### What is required
Retype, exactly and with nothing added, the lines from the one showing "R-fun - جراب" through the final line of the material. Omit pictures.

### Source material
+++
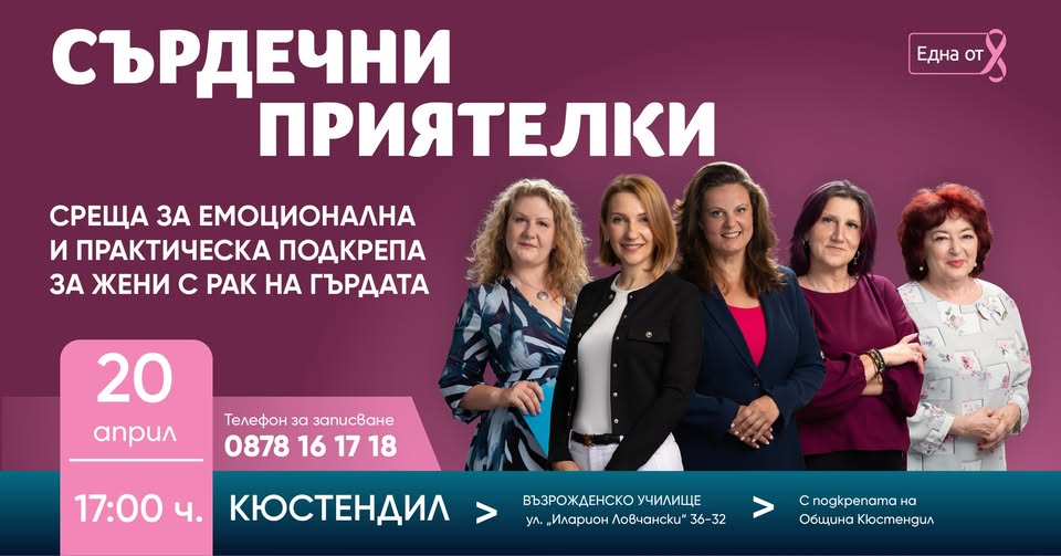 На 20 април 2026 г. (понеделник), от 17:00 до 19:00 ч., Фондация „Нана Гладуиш – Една от 8“, в рамките на мобилната програма „Сърдечни приятелки“, ще проведе специална среща с жени, диагностицирани с рак на гърдата.
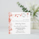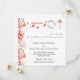 Hermosa tarjeta de aviso de boda diseñada especialmente para una boda en Tenerife, Fuerteventura, Gran Canaria, Lanzarote, La Palma, La Gomera, El Hierro, La Graciosa, Alegranza, Isla de Lobos, Montaña Clara, Roque del Este o Roque del Oeste. Imágenes del mapa de las Islas Canarias, palmera y volutas laterales elegantes de estilo retro en tango de mandarina. El texto del matasellos dice: Destino Islas Canarias. Fácil de personalizar, simplemente ponga sus datos relevantes. Cada Aviso de Boda de las Islas Canarias viene completo con un sobre blanco.
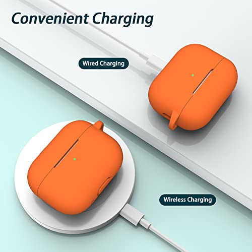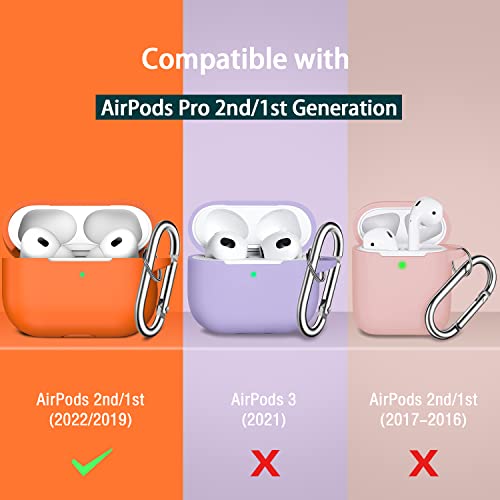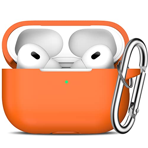 R-fun - جراب سيليكون لسماعات آبل ايربودز برو الجيل الثاني 2022 والجيل الأول 2019 اكسسوارات حماية كاملة مع إضاءة ليد أمامية مرئية للرجال والنساء من ار-فان، لون برتقالي
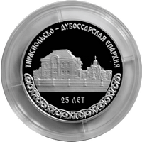в центре – изображение здания епархиального управления Тираспольско-Дубоссарской епархии, Собора Рождества Христова; вверху по кругу – надпись «ТИРАСПОЛЬСКО - ДУБОССАРСКАЯ ЕПАРХИЯ»; внизу – надпись «25 ЛЕТ».
+++
### Result for this task
 R-fun - جراب سيليكون لسماعات آبل ايربودز برو الجيل الثاني 2022 والجيل الأول 2019 اكسسوارات حماية كاملة مع إضاءة ليد أمامية مرئية للرجال والنساء من ار-فان، لون برتقالي
в центре – изображение здания епархиального управления Тираспольско-Дубоссарской епархии, Собора Рождества Христова; вверху по кругу – надпись «ТИРАСПОЛЬСКО - ДУБОССАРСКАЯ ЕПАРХИЯ»; внизу – надпись «25 ЛЕТ».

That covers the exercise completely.